In Survive: Escape from Atlantis, players try to get their meeples off a sinking island that is doing its best to kill them, and if the island doesn’t kill them, then surely the sharks, whales, sea dragons and fellow players will certainly have a stab at it. Players must do their best to remember the number hidden on the bottom of each of their ten meeples, trying to get those of highest value to safety first. Spoiler alert: given the riotous chaos that evolves, this philosophy devolves into: get any of my meeples to safety, regardless of value. The game’s win condition is total number of points from rescued meeples. (With my four-year old daughter, we sometimes just play total number of meeples still alive.) There are a few things to help the meeples, including boats and dolphins, but the sea is still a dangerous place, not every meeple seeing the end of game.
Survive is 45–60 minutes of tactics and luck for 2-4 players, especially families—families who like a little friendly competition. Not for snowflakes, your meeples will get tossed on the seas of fate, and in the mouths of sharks. It is not a happy-happy, huggy-huggy game in which players are working together to build comradery while accomplishing a goal. It’s a dog-eat-dog, rugby scrum. Here, let me hold your hand while you step off this sinking island into a boat. No. It's more like: Here, let me elbow you in the face to make sure I have a place on the boat while you are left to the whims of whales, sharks, and sea dragons. The game does not champion human values, rather survival values.

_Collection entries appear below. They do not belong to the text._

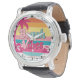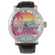 This round wall clock embodies a relaxed, tropical theme with a vibrant, striped sunset background in shades of orange, yellow, pink, and blue. Silhouetted palm trees, a beach umbrella, and a lounge chair complete the serene island scene. The words "Beach Vibes" are prominently displayed in a playful font, making this clock a perfect addition for beach lovers or anyone seeking a summery ambiance.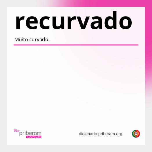 recurvado A forma recurvadopode ser [masculino singular particípio passado de recurvarrecurvar] ou [adjectivoadjetivo]. Sabia que? Pode consultar o significado de qualquer palavra abaixo com um clique. Experimente! recurvadorecurvado ( re·cur·va·do re·cur·va·do ) adjectivoadjetivo 1. Muito curvado. 2. Muito inclinado para o chão. 3. Torcido, dobrado. Origem:particípio de recurvar. Secção de palavras relacionadas recurvarrecurvar ( re·cur·var re·cur·var ) ConjugarConjugar Conjugação:regular. Particípio:regular. verbo transitivo 1. Curvar novamente. 2. Encurvar pela extremidade; inclinar. Origem:latim recurvo, -are. Secção de palavras relacionadas
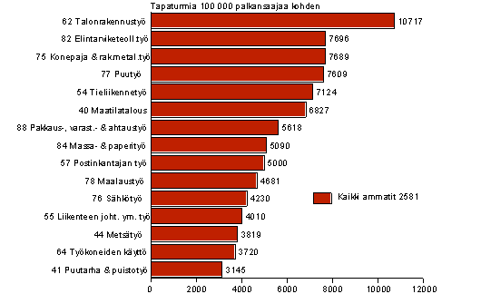 Seuraavana tulevat elintarviketeollisuustyön (7 696), konepaja- ja rakennusmetallityön (7 689) ja puutyön (7 609) ammattiryhmät. Konepaja- ja rakennusmetallityön ammattiryhmässä tapaturmasuhteella mitattu tapaturmariski nousi seitsemisen prosenttia, kun elintarviketeollisuustyön ammateissa toimivilla riski pieneni noin yhdeksän prosenttia ja puutyön ammateissa toimivilla nelisen prosenttia edellisvuodesta. Kuviossa kolme on esitetty ammattiryhmät, joissa työpaikkatapaturman riski on keskimääräistä korkeampi. Keskimäärin vähintään neljän päivän työkyvyttömyyteen johtaneita työpaikkatapaturmia sattui 2 581 sataatuhatta palkansaajaa kohden. Lukumääräisesti eniten tapaturmia sattui edellisvuosien tapaan eri teollisuuden ammattiryhmissä.
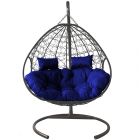 МГПК2-13-10 Подвесное кресло ДЛЯ ДВОИХ с ротангом серое, синяя подушка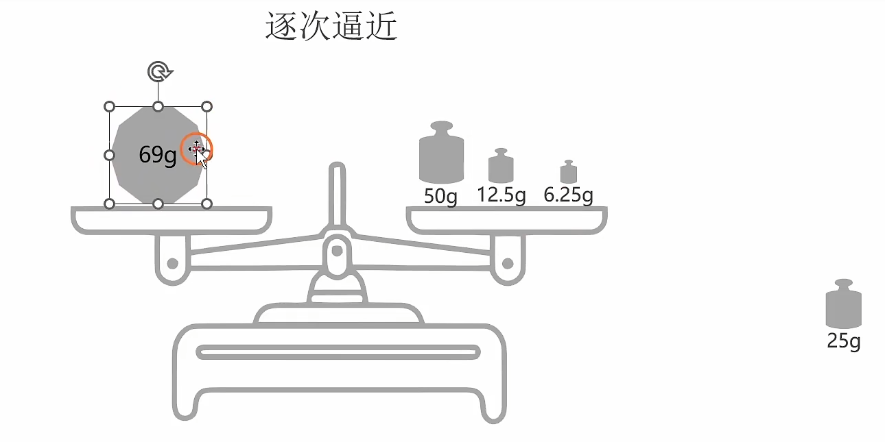 再加一个更轻的砝码(12.5g),现在右盘总重 = 50 g + 12.5 g = 62.5 g = 50g + 12.5g = 62.5g =50g+12.5g=62.5g 小于左盘,天平还是左倾,保留这个砝码,第三位记为 1。

To be completely fair, the game treats everybody harshly—and quickly. There is not build up of moves that has players putting grand schemes into place only to have the rug pulled out from under them. No, it's very move to move. Bad stuff happens almost every turn, to almost every player, which means most players (except for my four-year old daughter) quickly become immune to the idea of, Oh, two of my guys were just swept away in a hurricane, and Well that wasn’t very lucky to have parked my guy right over a shark. And soon enough they start thinking, Of what I’ve got left, how can I get them to safety? And that is where the tactics, and some would say fun, of the game takes over.Bottom line is that Survive: Escape from Atlantis is one of the board games my family enjoys most. I understand there are some people who dislike the constant “take-that” element of gameplay, and if that’s the case for you, don’t buy it. For less sensitive souls, Survive is a good way to destroy relationships. I joke, of course. My four-year old daughter stays angry for all the time it takes for her turn and the chance to eat daddy’s meeple with a shark. Rather than a giant Take-That moment that upsets all your best made plans, Survive is comprised of myriad take-that moments that quickly desensitizes the player to such things given everyone is in the same (proverbial) boat, dealing with roughly the same losses and disrupted plans. So there, take that... recommendation. (Sorry.)